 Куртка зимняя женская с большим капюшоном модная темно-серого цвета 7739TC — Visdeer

........

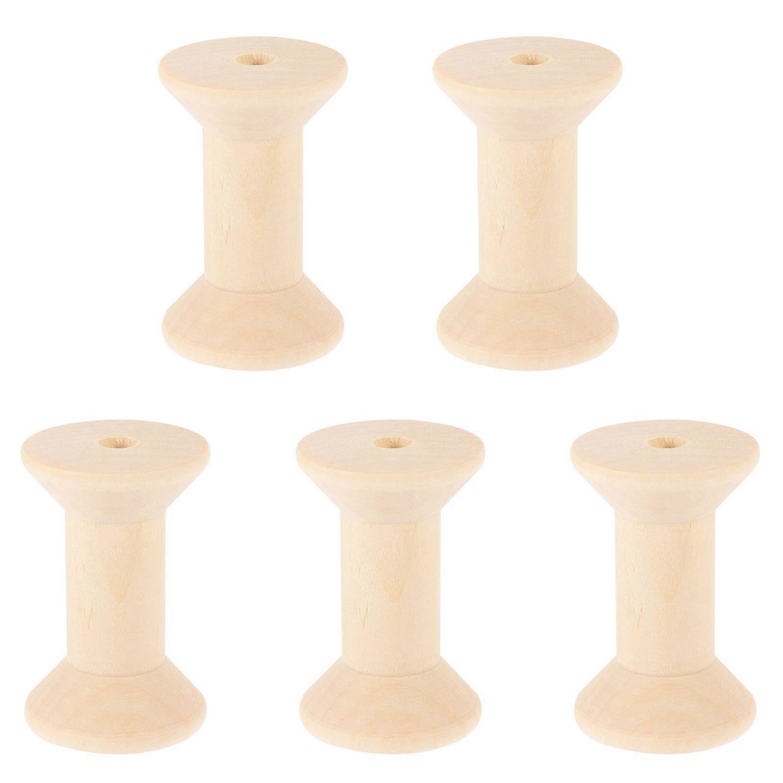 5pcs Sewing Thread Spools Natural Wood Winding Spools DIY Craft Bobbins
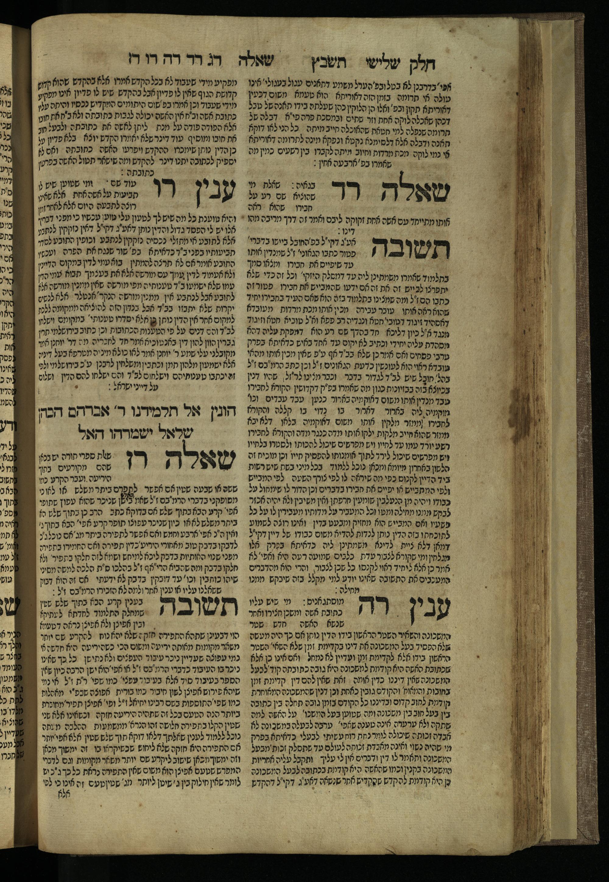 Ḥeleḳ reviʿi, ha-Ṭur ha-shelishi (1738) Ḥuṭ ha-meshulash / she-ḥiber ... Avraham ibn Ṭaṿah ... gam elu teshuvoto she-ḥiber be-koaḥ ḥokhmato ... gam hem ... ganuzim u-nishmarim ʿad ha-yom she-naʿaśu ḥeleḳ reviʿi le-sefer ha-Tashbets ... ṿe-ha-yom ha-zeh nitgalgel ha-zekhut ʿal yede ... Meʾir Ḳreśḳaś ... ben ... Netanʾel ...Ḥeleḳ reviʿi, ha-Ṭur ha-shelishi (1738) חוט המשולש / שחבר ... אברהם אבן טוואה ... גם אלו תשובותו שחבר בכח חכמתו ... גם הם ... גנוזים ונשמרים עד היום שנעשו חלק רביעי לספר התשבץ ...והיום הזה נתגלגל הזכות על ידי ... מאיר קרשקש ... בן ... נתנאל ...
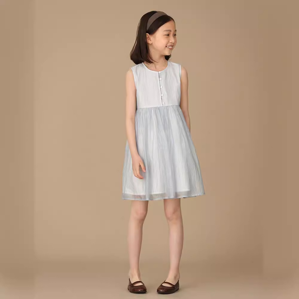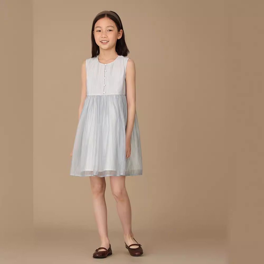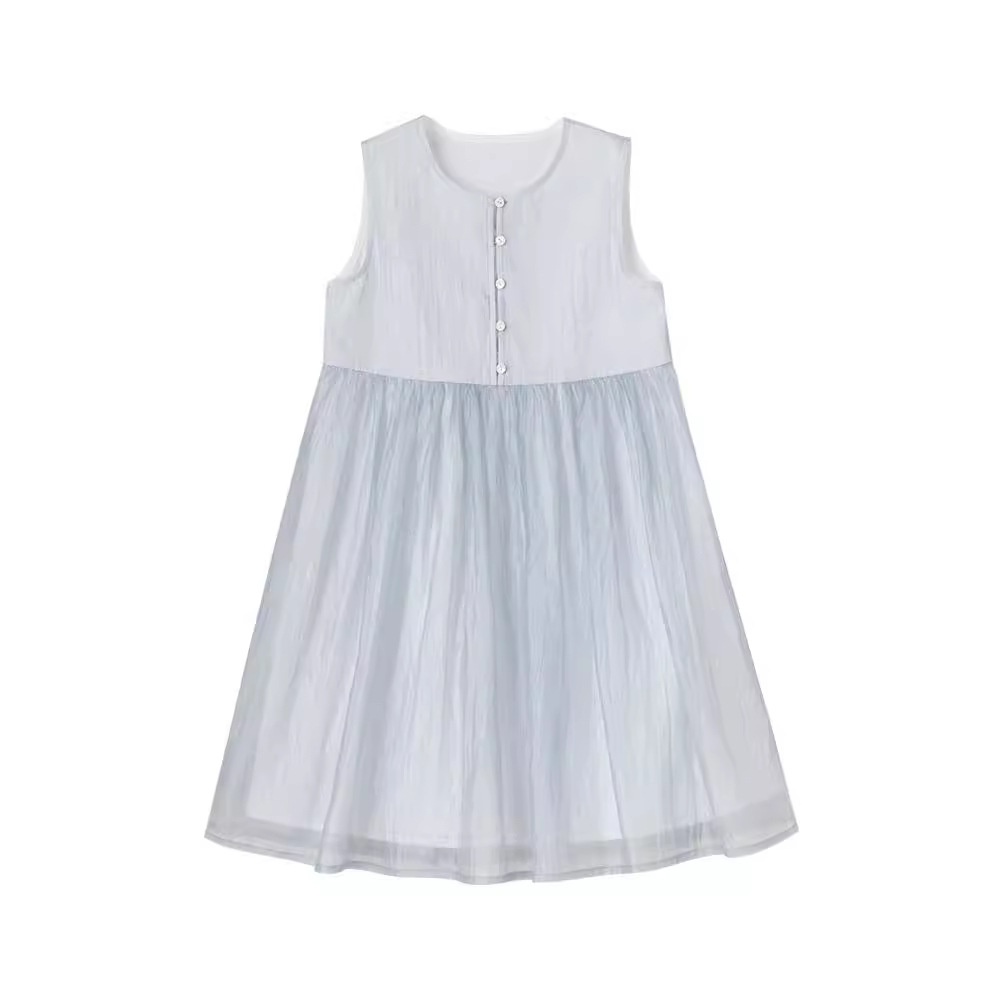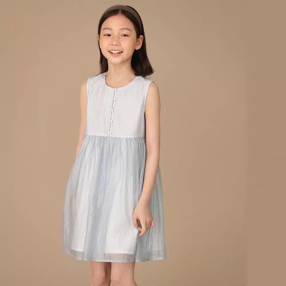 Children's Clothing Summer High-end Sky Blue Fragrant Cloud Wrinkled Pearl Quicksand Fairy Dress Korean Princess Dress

........

### [Task goal]
Copy word for word the span of the records above that begins at the line with "5pcs Sewing Thread" and ends at the line with "Children's Clothing Summer", including those two lines but not the pictures.

### [Written response]
 5pcs Sewing Thread Spools Natural Wood Winding Spools DIY Craft Bobbins
 Ḥeleḳ reviʿi, ha-Ṭur ha-shelishi (1738) Ḥuṭ ha-meshulash / she-ḥiber ... Avraham ibn Ṭaṿah ... gam elu teshuvoto she-ḥiber be-koaḥ ḥokhmato ... gam hem ... ganuzim u-nishmarim ʿad ha-yom she-naʿaśu ḥeleḳ reviʿi le-sefer ha-Tashbets ... ṿe-ha-yom ha-zeh nitgalgel ha-zekhut ʿal yede ... Meʾir Ḳreśḳaś ... ben ... Netanʾel ...Ḥeleḳ reviʿi, ha-Ṭur ha-shelishi (1738) חוט המשולש / שחבר ... אברהם אבן טוואה ... גם אלו תשובותו שחבר בכח חכמתו ... גם הם ... גנוזים ונשמרים עד היום שנעשו חלק רביעי לספר התשבץ ...והיום הזה נתגלגל הזכות על ידי ... מאיר קרשקש ... בן ... נתנאל ...
 Children's Clothing Summer High-end Sky Blue Fragrant Cloud Wrinkled Pearl Quicksand Fairy Dress Korean Princess Dress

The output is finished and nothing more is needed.